Take the entries below and print, exactly, the stretch from the line containing "third quarter, Darling" through the line containing "이날 체인지업의 위력을", both included.

Top of Exercise data

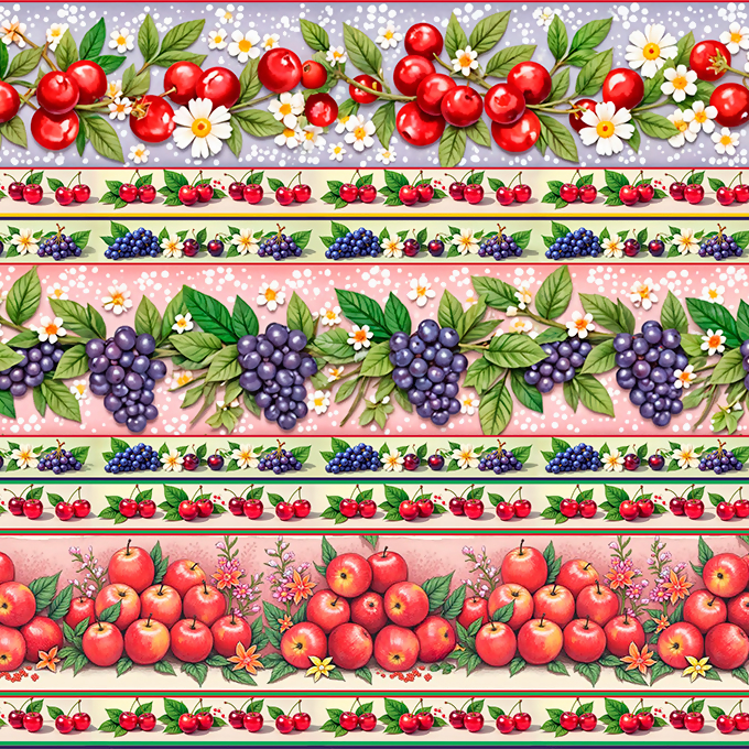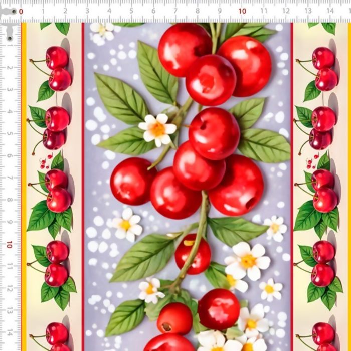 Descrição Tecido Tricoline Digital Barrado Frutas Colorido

Bottom of Exercise data
Top of Exercise data

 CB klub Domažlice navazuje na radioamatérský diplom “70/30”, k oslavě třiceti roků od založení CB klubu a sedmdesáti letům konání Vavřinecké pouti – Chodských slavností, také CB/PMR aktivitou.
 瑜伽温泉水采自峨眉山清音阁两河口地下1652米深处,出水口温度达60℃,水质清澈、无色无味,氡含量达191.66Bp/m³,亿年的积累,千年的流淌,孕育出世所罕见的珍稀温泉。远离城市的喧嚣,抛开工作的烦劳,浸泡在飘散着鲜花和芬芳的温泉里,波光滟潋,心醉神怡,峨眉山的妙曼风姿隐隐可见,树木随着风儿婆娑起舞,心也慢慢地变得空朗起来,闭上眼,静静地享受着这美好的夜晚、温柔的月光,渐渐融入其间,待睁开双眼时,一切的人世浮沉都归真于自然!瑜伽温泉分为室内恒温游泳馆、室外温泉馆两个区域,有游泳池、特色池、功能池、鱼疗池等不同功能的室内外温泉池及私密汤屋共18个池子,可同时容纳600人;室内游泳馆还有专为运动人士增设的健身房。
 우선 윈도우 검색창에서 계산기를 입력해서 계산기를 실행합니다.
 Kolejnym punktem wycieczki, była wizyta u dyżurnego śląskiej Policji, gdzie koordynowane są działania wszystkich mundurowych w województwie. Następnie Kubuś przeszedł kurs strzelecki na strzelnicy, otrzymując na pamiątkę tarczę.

Bottom of Exercise data
Top of Exercise data

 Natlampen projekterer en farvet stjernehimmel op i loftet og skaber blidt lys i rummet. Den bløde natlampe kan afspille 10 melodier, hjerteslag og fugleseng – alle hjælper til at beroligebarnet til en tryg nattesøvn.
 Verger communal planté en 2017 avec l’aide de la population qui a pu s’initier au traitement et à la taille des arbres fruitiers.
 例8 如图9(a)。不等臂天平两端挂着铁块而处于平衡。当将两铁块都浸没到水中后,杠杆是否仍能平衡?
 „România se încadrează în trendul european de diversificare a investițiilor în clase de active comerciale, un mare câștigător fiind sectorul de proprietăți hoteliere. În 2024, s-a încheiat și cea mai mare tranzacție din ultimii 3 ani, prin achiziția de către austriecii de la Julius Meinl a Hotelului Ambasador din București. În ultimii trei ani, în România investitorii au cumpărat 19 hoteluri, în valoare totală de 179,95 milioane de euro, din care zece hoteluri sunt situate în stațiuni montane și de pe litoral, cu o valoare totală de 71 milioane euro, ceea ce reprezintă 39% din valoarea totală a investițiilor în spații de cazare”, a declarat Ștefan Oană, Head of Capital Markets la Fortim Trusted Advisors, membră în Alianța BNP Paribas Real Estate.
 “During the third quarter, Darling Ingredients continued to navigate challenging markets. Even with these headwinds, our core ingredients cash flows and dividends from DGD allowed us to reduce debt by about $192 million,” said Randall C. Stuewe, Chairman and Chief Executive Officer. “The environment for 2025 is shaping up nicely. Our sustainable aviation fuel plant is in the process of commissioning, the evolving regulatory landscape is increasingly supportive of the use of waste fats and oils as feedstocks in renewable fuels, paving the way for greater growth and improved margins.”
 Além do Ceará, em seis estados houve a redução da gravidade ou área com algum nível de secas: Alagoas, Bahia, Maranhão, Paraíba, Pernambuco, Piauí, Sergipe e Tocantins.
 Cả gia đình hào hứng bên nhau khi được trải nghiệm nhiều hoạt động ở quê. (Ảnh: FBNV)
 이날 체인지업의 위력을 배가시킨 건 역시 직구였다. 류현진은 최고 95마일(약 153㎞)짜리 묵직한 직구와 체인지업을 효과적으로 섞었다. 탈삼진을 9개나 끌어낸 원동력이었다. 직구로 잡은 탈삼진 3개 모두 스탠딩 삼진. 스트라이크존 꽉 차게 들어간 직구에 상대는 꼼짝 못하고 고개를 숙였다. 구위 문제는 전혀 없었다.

Bottom of Exercise data

• **Response below**:
 “During the third quarter, Darling Ingredients continued to navigate challenging markets. Even with these headwinds, our core ingredients cash flows and dividends from DGD allowed us to reduce debt by about $192 million,” said Randall C. Stuewe, Chairman and Chief Executive Officer. “The environment for 2025 is shaping up nicely. Our sustainable aviation fuel plant is in the process of commissioning, the evolving regulatory landscape is increasingly supportive of the use of waste fats and oils as feedstocks in renewable fuels, paving the way for greater growth and improved margins.”
 Além do Ceará, em seis estados houve a redução da gravidade ou área com algum nível de secas: Alagoas, Bahia, Maranhão, Paraíba, Pernambuco, Piauí, Sergipe e Tocantins.
 Cả gia đình hào hứng bên nhau khi được trải nghiệm nhiều hoạt động ở quê. (Ảnh: FBNV)
 이날 체인지업의 위력을 배가시킨 건 역시 직구였다. 류현진은 최고 95마일(약 153㎞)짜리 묵직한 직구와 체인지업을 효과적으로 섞었다. 탈삼진을 9개나 끌어낸 원동력이었다. 직구로 잡은 탈삼진 3개 모두 스탠딩 삼진. 스트라이크존 꽉 차게 들어간 직구에 상대는 꼼짝 못하고 고개를 숙였다. 구위 문제는 전혀 없었다.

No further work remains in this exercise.